'''

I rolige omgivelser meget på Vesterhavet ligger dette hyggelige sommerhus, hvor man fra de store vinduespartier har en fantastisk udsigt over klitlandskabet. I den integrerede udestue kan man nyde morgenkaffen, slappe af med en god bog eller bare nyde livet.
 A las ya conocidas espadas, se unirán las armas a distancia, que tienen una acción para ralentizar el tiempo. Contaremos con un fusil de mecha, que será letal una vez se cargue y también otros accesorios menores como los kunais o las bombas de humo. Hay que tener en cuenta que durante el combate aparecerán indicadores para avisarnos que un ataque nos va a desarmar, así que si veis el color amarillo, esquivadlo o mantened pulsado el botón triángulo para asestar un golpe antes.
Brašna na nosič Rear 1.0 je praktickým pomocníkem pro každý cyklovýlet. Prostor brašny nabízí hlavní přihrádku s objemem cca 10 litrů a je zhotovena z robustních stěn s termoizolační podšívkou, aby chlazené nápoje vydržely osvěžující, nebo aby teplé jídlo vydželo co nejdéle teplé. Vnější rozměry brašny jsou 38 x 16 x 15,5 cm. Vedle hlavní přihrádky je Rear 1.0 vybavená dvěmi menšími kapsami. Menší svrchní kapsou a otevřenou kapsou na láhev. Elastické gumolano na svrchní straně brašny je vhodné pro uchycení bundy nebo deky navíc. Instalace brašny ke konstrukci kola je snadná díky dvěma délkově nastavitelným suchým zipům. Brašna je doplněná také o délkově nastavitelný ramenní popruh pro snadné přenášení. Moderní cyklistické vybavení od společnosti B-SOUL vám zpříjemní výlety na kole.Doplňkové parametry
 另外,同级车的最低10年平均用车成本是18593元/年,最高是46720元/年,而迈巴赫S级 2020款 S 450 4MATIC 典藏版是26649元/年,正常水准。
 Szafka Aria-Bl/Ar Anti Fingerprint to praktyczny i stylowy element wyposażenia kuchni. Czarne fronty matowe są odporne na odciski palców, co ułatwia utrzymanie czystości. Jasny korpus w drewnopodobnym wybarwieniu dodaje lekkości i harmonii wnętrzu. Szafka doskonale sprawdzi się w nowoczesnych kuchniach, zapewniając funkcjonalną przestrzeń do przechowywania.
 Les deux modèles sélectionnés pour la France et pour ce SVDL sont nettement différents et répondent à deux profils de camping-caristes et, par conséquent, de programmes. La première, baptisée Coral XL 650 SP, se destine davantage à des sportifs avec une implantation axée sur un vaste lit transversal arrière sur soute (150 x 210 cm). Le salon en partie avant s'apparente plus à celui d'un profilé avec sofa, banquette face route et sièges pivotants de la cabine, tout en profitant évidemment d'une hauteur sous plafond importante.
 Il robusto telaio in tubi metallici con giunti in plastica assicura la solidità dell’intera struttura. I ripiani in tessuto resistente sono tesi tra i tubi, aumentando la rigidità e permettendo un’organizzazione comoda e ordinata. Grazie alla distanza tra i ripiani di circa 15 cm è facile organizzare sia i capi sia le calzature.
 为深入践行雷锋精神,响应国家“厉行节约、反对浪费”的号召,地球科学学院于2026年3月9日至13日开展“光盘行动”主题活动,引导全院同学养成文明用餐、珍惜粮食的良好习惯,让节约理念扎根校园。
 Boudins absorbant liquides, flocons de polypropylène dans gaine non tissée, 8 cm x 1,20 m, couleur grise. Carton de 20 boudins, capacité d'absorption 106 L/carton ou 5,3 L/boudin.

'''

What you have to do:
From the listing above, extract every line exactly as it stands.

Written answer:
I rolige omgivelser meget på Vesterhavet ligger dette hyggelige sommerhus, hvor man fra de store vinduespartier har en fantastisk udsigt over klitlandskabet. I den integrerede udestue kan man nyde morgenkaffen, slappe af med en god bog eller bare nyde livet.
 A las ya conocidas espadas, se unirán las armas a distancia, que tienen una acción para ralentizar el tiempo. Contaremos con un fusil de mecha, que será letal una vez se cargue y también otros accesorios menores como los kunais o las bombas de humo. Hay que tener en cuenta que durante el combate aparecerán indicadores para avisarnos que un ataque nos va a desarmar, así que si veis el color amarillo, esquivadlo o mantened pulsado el botón triángulo para asestar un golpe antes.
Brašna na nosič Rear 1.0 je praktickým pomocníkem pro každý cyklovýlet. Prostor brašny nabízí hlavní přihrádku s objemem cca 10 litrů a je zhotovena z robustních stěn s termoizolační podšívkou, aby chlazené nápoje vydržely osvěžující, nebo aby teplé jídlo vydželo co nejdéle teplé. Vnější rozměry brašny jsou 38 x 16 x 15,5 cm. Vedle hlavní přihrádky je Rear 1.0 vybavená dvěmi menšími kapsami. Menší svrchní kapsou a otevřenou kapsou na láhev. Elastické gumolano na svrchní straně brašny je vhodné pro uchycení bundy nebo deky navíc. Instalace brašny ke konstrukci kola je snadná díky dvěma délkově nastavitelným suchým zipům. Brašna je doplněná také o délkově nastavitelný ramenní popruh pro snadné přenášení. Moderní cyklistické vybavení od společnosti B-SOUL vám zpříjemní výlety na kole.Doplňkové parametry
 另外,同级车的最低10年平均用车成本是18593元/年,最高是46720元/年,而迈巴赫S级 2020款 S 450 4MATIC 典藏版是26649元/年,正常水准。
 Szafka Aria-Bl/Ar Anti Fingerprint to praktyczny i stylowy element wyposażenia kuchni. Czarne fronty matowe są odporne na odciski palców, co ułatwia utrzymanie czystości. Jasny korpus w drewnopodobnym wybarwieniu dodaje lekkości i harmonii wnętrzu. Szafka doskonale sprawdzi się w nowoczesnych kuchniach, zapewniając funkcjonalną przestrzeń do przechowywania.
 Les deux modèles sélectionnés pour la France et pour ce SVDL sont nettement différents et répondent à deux profils de camping-caristes et, par conséquent, de programmes. La première, baptisée Coral XL 650 SP, se destine davantage à des sportifs avec une implantation axée sur un vaste lit transversal arrière sur soute (150 x 210 cm). Le salon en partie avant s'apparente plus à celui d'un profilé avec sofa, banquette face route et sièges pivotants de la cabine, tout en profitant évidemment d'une hauteur sous plafond importante.
 Il robusto telaio in tubi metallici con giunti in plastica assicura la solidità dell’intera struttura. I ripiani in tessuto resistente sono tesi tra i tubi, aumentando la rigidità e permettendo un’organizzazione comoda e ordinata. Grazie alla distanza tra i ripiani di circa 15 cm è facile organizzare sia i capi sia le calzature.
 为深入践行雷锋精神,响应国家“厉行节约、反对浪费”的号召,地球科学学院于2026年3月9日至13日开展“光盘行动”主题活动,引导全院同学养成文明用餐、珍惜粮食的良好习惯,让节约理念扎根校园。
 Boudins absorbant liquides, flocons de polypropylène dans gaine non tissée, 8 cm x 1,20 m, couleur grise. Carton de 20 boudins, capacité d'absorption 106 L/carton ou 5,3 L/boudin.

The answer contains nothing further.